共感マップとは?ユーザーの環境や感情、思考を理解するためのフレームワーク
共感マップの例
共感マップとは、ユーザーの置かれた環境やその中で抱く感情・思考などについて理解するためのフレームワークです。UXデザインやサービスデザインにおいて最も使われることの多いフレームワークの一つでもあり、デザイン思考の産みの親であるIDEO創業者のデビッド・ケリーがスタンフォード大学に設立したd.schoolのカリキュラムでも採用されています。また、過去にはハーバードビジネスレビューでも掲載されたことがあり、ビジネスにおいてもユーザーや消費者の感情面がより重視されるようになるにつれ、その役割もデザインの文脈を超えて一層重要となってきています。
共感マップの役割は、ユーザーについて理解することはもちろん、それに加えてチーム内で共通認識を作り上げることを促進することです。また、共感マップはユーザーや消費者を対象にしたものだけでなく、組織内の従業員に対しても利用することができるので、組織変革の際にも活用することが可能です。今回は、現代ビジネスにおける最も重要なキーワードの一つである「共感」を、さまざまなビジネスやデザインのプロセス内に組み込むことを可能にする共感マップについて紹介したいと思います。

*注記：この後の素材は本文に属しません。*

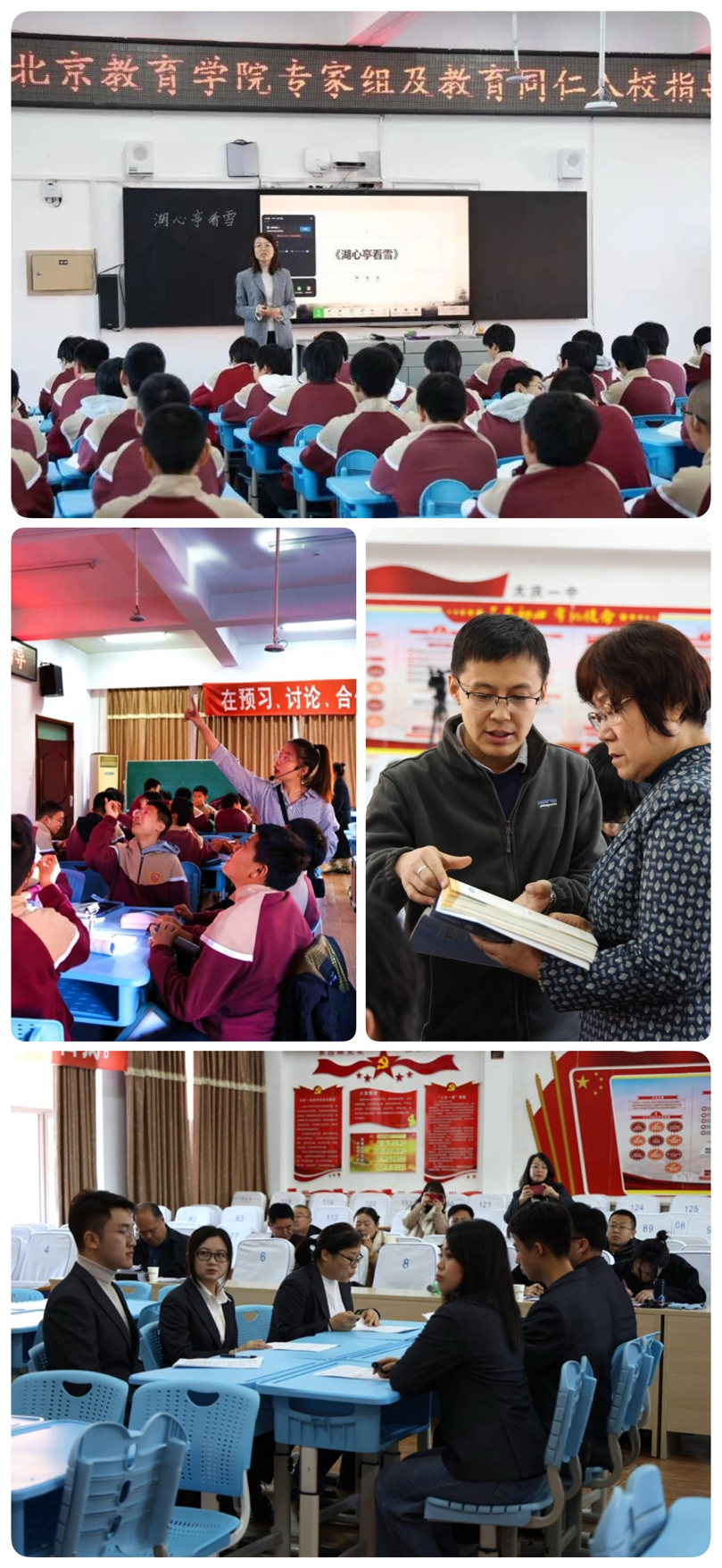 项目团队先后观摩了教师公开课展示、“学为中心”课堂变革微教研及“百书阅读”活动成果展演,并进行诊断与点评。
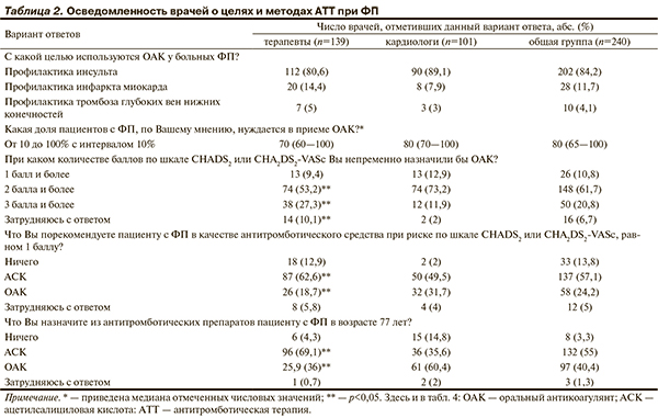 В табл. 2 приведены мнения опрошенных об АТТ при ФП и ее режимах.
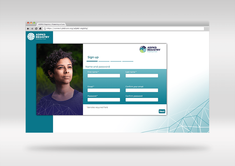 Working together with a developer, I helped create a branded web page for the registry interface, helping the registrants move from the branded PKD Foundation website into the proprietary, protected, private registry portal. In spite of the registry becoming a bit more “vanilla” after the sign-up page (no more imagery or graphics), we maintained the branding throughout with the tranquil turquoise in the backdrop corner fractals, and the brand presence in the top left corner.
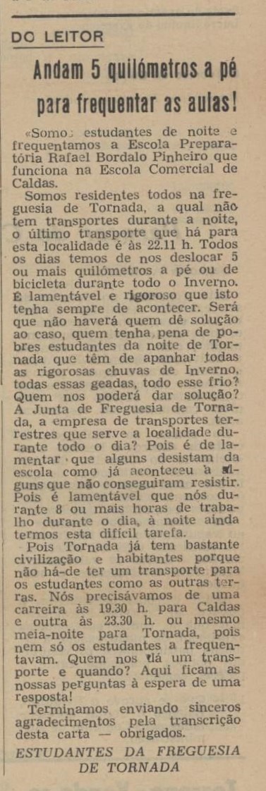 A MOBILIDADE Como temos visto, a mobilidade era, há 50 anos, um dos grandes desafios, como é ainda hoje. Nesta semana a Gazetapublicava uma carta de estudantes da Escola Preparatória Rafael Bordalo Pinheiro que eram naturais de Tornada e que não tinham transportes para a escola. “Andam 5 quilómetros a pé para frequentar as aulas!” titulava o artigo, que começava por explicar que “Somos estudantes de noite e frequentamos a Escola Preparatória Rafael Bordalo Pinheiro que funciona na Escola Comercial de Caldas. Somos residentes todos na freguesia de Tornada, a qual não tem transportes durante a noite, o último transporte que há para esta localidade é às 22.11 h. Todos os dias temos de nos deslocar 5 ou mais quilómetros a pé ou de bicicleta durante todo o Inverno. É lamentável e rigoroso que isto tenha sempre de acontecer. Será que não haverá quem dê solução ao caso, quem tenha, pena de pobres estudantes da noite de Tornada que têm de apanhar todas as rigorosas chuvas de Inverno, todas essas geadas, todo esse frio? Quem nos poderá dar solução? A Junta de Freguesia de Tornada, a empresa de transportes terrestres que serve a localidade durante todo o dia? Pois é de lamentar que alguns desistam da escola como já aconteceu a alguns que não conseguiram resistir. Pois é lamentável que nós durante 8 ou mais horas de trabalho durante o dia, à noite ainda termos esta difícil tarefa. Pois Tornada já tem bastante civilização e habitantes porque não há-de ter um transporte para os estudantes como as outras terras. Nós precisávamos de uma carreira às 19.30 h. para Caldas e outra às 23.30 h. ou mesmo meia-noite para Tornada, pois nem só os estudantes a frequentavam. Quem nos dá um transporte e quando? Aqui ficam as nossas perguntas à espera de uma resposta! Terminamos enviando sinceros agradecimentos pela transcrição desta carta – obrigados. Estudantes da Freguesia de Tornada”.

共感マップの目的。ペルソナの心理の深いところまで理解する。
共感マップは、顧客視点でサービスをより良いものにするためのヒントを与えてくれるツールです。最大の目的は、ユーザーやペルソナの体験や感情を彼らの目線で理解し、文字通りより深く「共感」することにあります。それにより、ユーザーの感情面も考慮したニーズに応えるようなUX戦略を立てたり、それに即したサービスの設計・改善が可能になります。

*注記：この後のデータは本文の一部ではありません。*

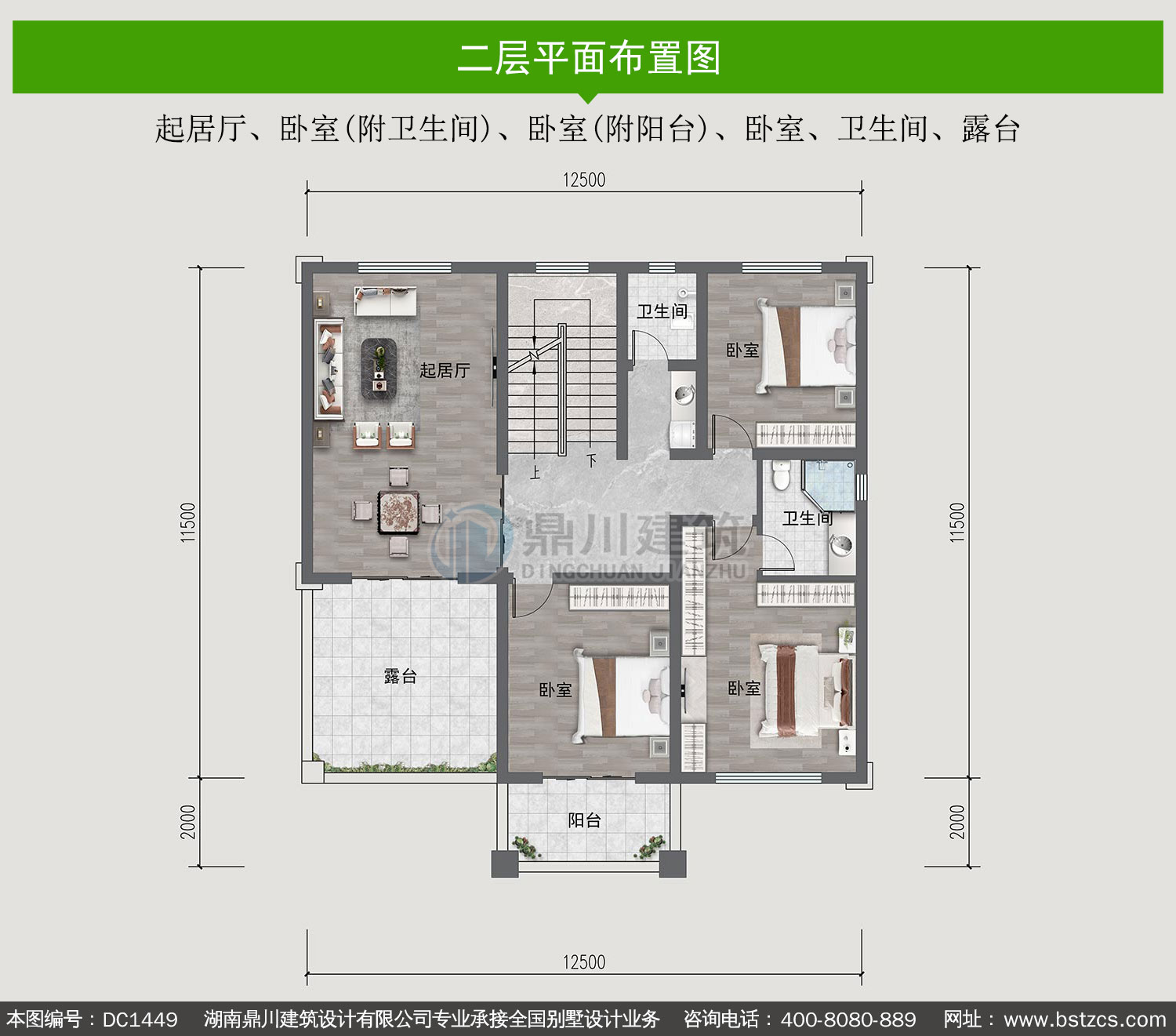 | 二 層: | 起居廳、臥室(附衛生間)、臥室(附陽臺)、臥室、衛生間、露臺 | |||
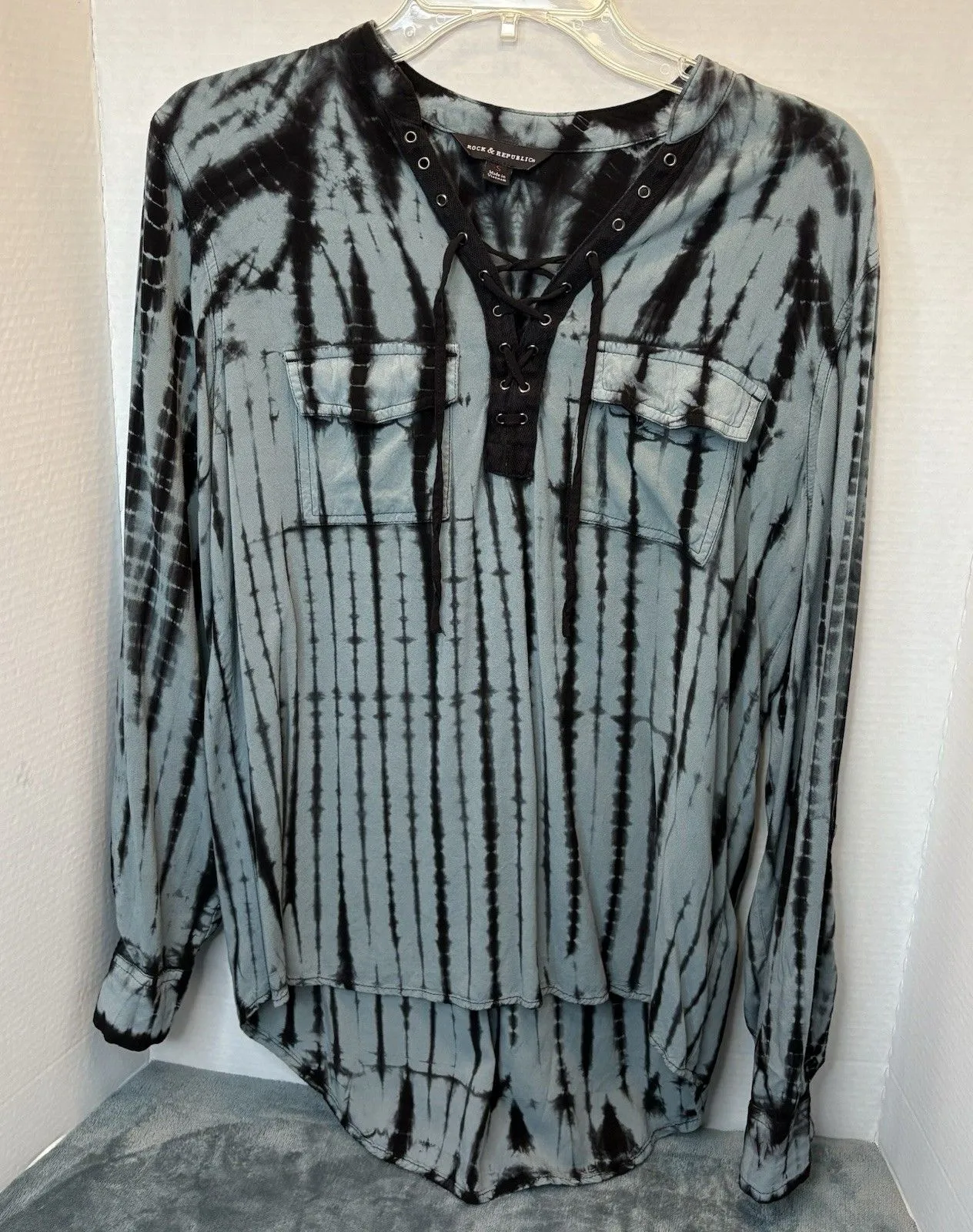 The Rock & Republic Sage and Black lace up blouse in size small is a stylish and edgy piece perfect... Show more

ペルソナは、ユーザーインタビューやマーケティングに関連する情報などから作成される空想上の人物です。典型的なターゲットユーザーについて、年齢・性別・居住地・職業・年収といった基本情報だけ でなく、価値観やライフスタイルなど具体的な行動を描くことで、チーム内で顧客視点を伴ったディスカッションを可能してくれます。ただし、ペルソナをサービス開発やデザインプロセスで使う上で注意すべき点があります。それは、ペルソナは実際に存在する人間ではないという点です。だからこそ、チームメンバー全員がペルソナのことを本気で考え、理解する機会となる共感マップが重要となります。より具体的なユーザー像をチームメンバーが共有することができれば、UX戦略やサービスの設計・改善案は自ずと顧客視点のものになるでしょう。

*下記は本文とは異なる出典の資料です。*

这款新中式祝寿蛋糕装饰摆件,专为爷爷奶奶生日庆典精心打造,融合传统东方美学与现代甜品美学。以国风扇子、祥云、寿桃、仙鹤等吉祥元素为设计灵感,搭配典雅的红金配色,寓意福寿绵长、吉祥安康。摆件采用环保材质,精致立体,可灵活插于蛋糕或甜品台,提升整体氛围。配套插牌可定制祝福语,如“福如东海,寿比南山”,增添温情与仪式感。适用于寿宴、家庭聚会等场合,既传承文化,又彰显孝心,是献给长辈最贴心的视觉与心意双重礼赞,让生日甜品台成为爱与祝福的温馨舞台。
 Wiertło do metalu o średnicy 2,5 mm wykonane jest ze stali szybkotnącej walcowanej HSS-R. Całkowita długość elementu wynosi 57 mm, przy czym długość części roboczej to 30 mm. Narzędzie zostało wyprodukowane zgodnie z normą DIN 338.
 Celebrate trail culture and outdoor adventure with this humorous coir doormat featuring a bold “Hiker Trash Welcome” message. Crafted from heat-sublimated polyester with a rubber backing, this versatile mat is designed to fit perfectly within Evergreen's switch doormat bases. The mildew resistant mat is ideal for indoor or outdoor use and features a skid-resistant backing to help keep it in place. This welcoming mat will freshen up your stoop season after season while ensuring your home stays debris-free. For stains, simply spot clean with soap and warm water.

そのため、ユーザーやペルソナに関するチーム内での認識のずれを防いでくれることも共感マップの大きな役割の一つとなっています。ペルソナの情報は限られているため、これまでの経験値や知識から、各チームメンバーがペルソナをどう理解するかは異なります。そのため、チームで一緒にユーザー像を作り上げていくことが、共通認識を持ってその後のプロセスを進める上でのキーとなります。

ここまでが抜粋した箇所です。